You are pretty good to watch that vid in its entirety. I could bear that patronising crud for a mere 45 seconds.


----------



## awhyley (Feb 14, 2019)

I'm actually more interested in what he told his white friends about "this blackface thing".


----------



## LostInAdream (Feb 14, 2019)

Why would I need to put myself in the shoes of a group of people who don't even consider my group of people worthy of fundamental human rights?


----------



## kikigirl (Feb 14, 2019)

Maybe say “white privilege,” although even that is a stretch. Blackface has been known as bad since the dawn of ages.

In any case I stopped “educating” folks in November 2016.


----------



## Reinventing21 (Feb 14, 2019)

I have never understood this whole "they (YTs) just don't know", "we have to teach them", "they don't understand the pain they cause'.  FOR REAL?  This tiny group of people have managed to be at the top of the food chain due to their outright savagery and blatant, huge lies all while calling all others savages etc.  They know EXACTLY what they are doing.  They just don't want others to know they know.

I have NEVER felt the need to explain to them how/why racism is wrong...blah, blah.  It is a waste of time because there is well-thought out intent behind these actions.

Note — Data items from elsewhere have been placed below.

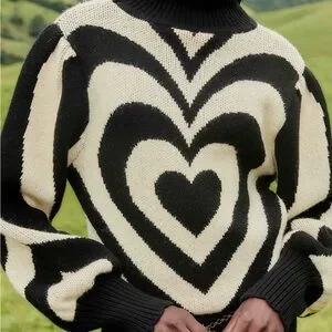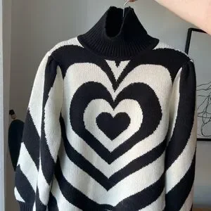 Stay cozy and stylish with this chic black and white heart pattern sweater. Perfect for any casual outing.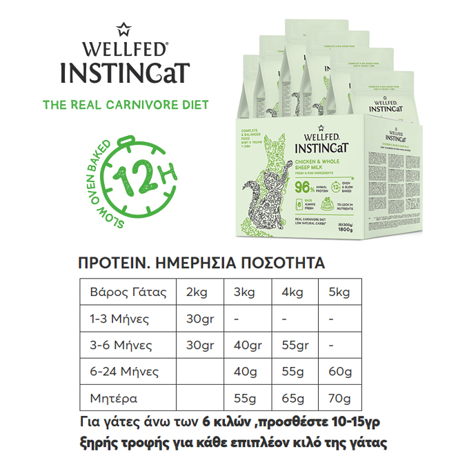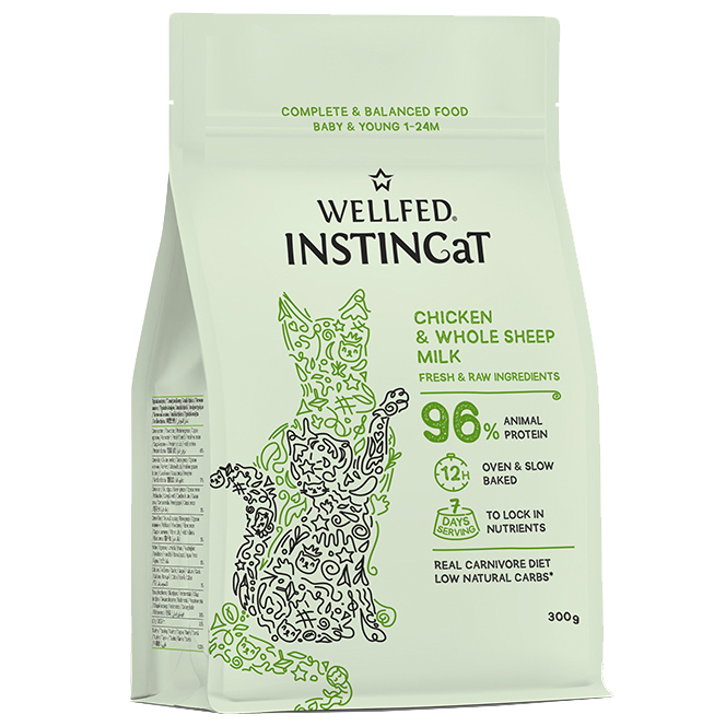 Η INSTINCaT Baby & Young είναι μια πλήρης, φυσικά ισορροπημένη αφυδατωμένη τροφή για μικρά & νεαρά γατάκια 1-24 μηνών, παρασκευασμένη από φρέσκα συστατικά και ψημένη αργά στον φούρνο (slow oven baked), ώστε να διατηρεί αναλλοίωτη τη γεύση και τη θρεπτική της αξία. Χάρη στη φυσική της σύνθεση, προσφέρει πεπτικότητα που φτάνει έως και το 92%, βοηθώντας την καλύτερη απορρόφηση των θρεπτικών ουσιών και υποστηρίζοντας τη συνολική υγεία της γάτας.
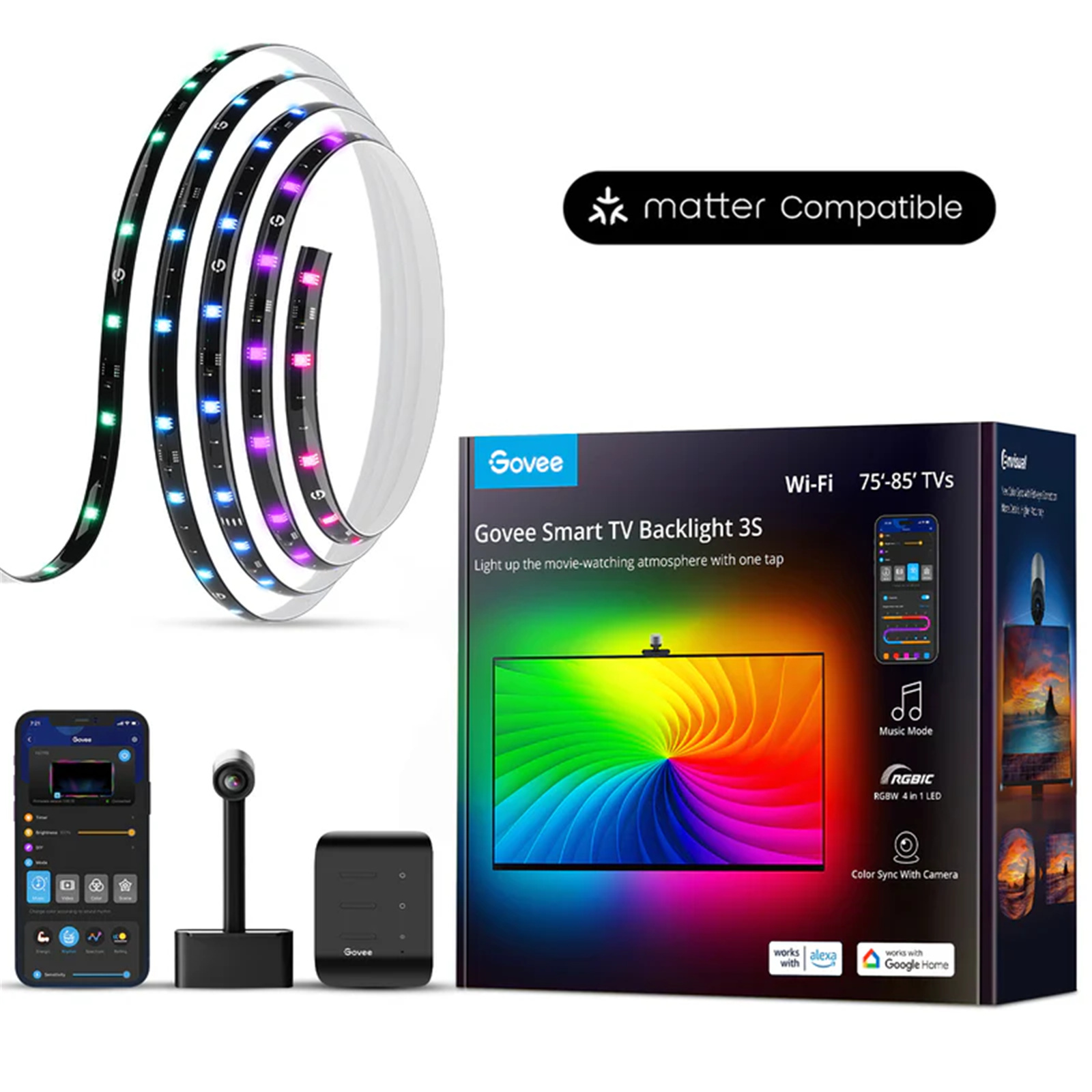 Govee 3S Smart TV Backlight Kit for TV size (75"-85") Matter Supported, Ultra-Thin TV Screen Compatibility,DreamView Syncing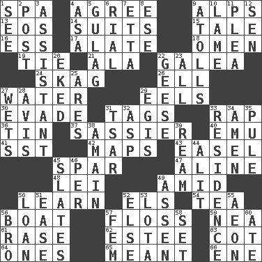 ACROSS 1. Health resort 4. Match 9. High mountains 13. Greek goddess of the dawn 14. Sets of matching outer garments 15. Lie 16. Double-curved letter 17. Having winglike extensions 18. Sign of things to come 19. Neckwear 21. Insect wing 22. An organ shaped like a helmet 24. Heroin 26. Pipe bend 27. Wetness 29. Snakelike fish 30. Elude 31. Labels 33. Hit sharply and swiftly 36. Shallow baking pan 37. More disrespectful 40. Australian flightless bird 41. Fast jet (abbr.) 42. Atlas contents 43. Artist's stand 45. Practice fight 47. Place in a line 48. Flowery wreath 49. Among 50. Acquire or gain knowledge or skills 52. Raised railways 54. Afternoon social gathering 56. Water vessel 57. Soft thread for cleaning between teeth 59. Teachers' org. 61. To erase 62. First name in cosmetics 63. Small bed 64. Singles 65. Intended 66. Compass dir. DOWN 1. Observe 2. Mail 3. Helper 4. White ___ sheet 5. Russian prison camp 6. Monetary unit of Yemen 7. Singer James 8. Compass dir. 9. Ringlike coral islands and reefs 10. Unable to walk 11. Entreaty 12. Elected rep. 20. Made supply last 22. Honkers 23. 100% 25. Ancient Greek god of war 27. Soaks 28. Opinion 29. The front part of a cuirass 31. Russian ruler of old 32. Cleo's killer 33. Home 34. So be it 35. Whimper 38. At full speed 39. 480, 500 or 516 sheets of paper 44. Came down and settled, as after flight 45. Chalkboards 46. For each 49. NE Netherlands city 50. Grant temporary use of 51. Comfort 52. Otherwise 53. Globular water bottle used in Asia 55. A really long time 56. Sis' sibling 57. Opposite of masc. 58. Put into a specified state 60. Had dinner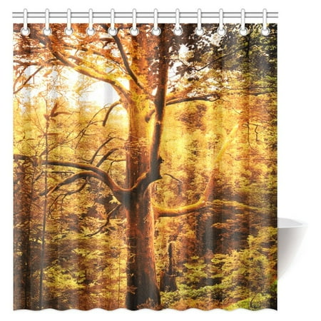Mypop Woodland Decor Shower Curtain Old Spruce Tree View Nature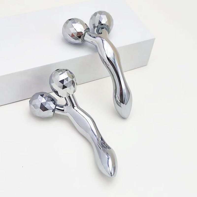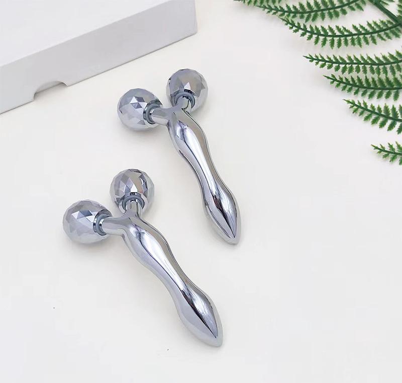 Masajeador facial al por mayor, instrumento de belleza facial compacto Lifting V, palo de masaje portátil de metal, instrumento de masaje con rodillo 3D.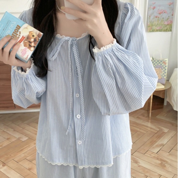 韓国インスタレディース新作パジャマレディース韓国系優しいストライプシンプルで快適レーススーツカジュアルホームウェア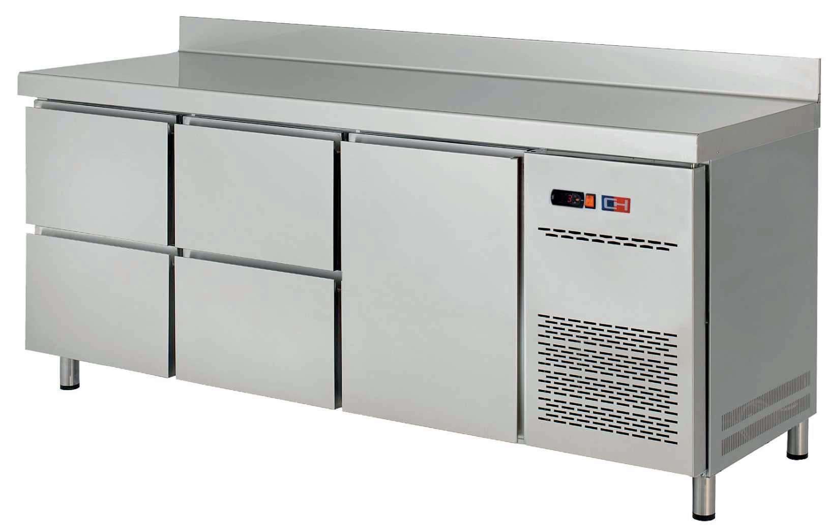 – Gavetas com puxador incorporado em aço inoxidável AISI-304 18/10 com fundo perfurado. Equipadas com corrediças telescópicas com saída suficiente para transpor a superfície de trabalho.

 I also have never felt the need to plead with them to like me. I cringe when I see that in real life.

I only advocate for LAWS and CONSEQUENCES to their shennanigans as way to keep them in check.

Their worst fear is to discover they are not in any way superior, hence all the garbage stunts they pull.

Of course I am talking about the Eurocentric world view and as YTs collectively, not individuals as there are good, bad and crazy in all humans.

Bottom line: All melanins need to stop putting so much weight and value on the non-melanins' opinions to determine self-worth and place value in society.


----------



## Atthatday (Feb 14, 2019)

Reinventing21 said:


> I have never understood this whole "they (YTs) just don't know", "we have to teach them", "they don't understand the pain they cause'.  FOR REAL?  This tiny group of people have managed to be at the top of the food chain due to their outright savagery and blatant, huge lies all while calling all others savages etc.  They know EXACTLY what they are doing.  They just don't want others to know they know.
> 
> I have NEVER felt the need to explain to them how/why racism is wrong...blah, blah.  It is a waste of time because there is well-thought out intent behind these actions.
> 
> ...



Preach, Sis!!!


----------



## discodumpling (Feb 15, 2019)

I already dont like Bookers energy...prolly best fir me not to view the video. 
Ill  just leave yall with my usual statement: It will be up to US, my sisters. These men ain't ish.


----------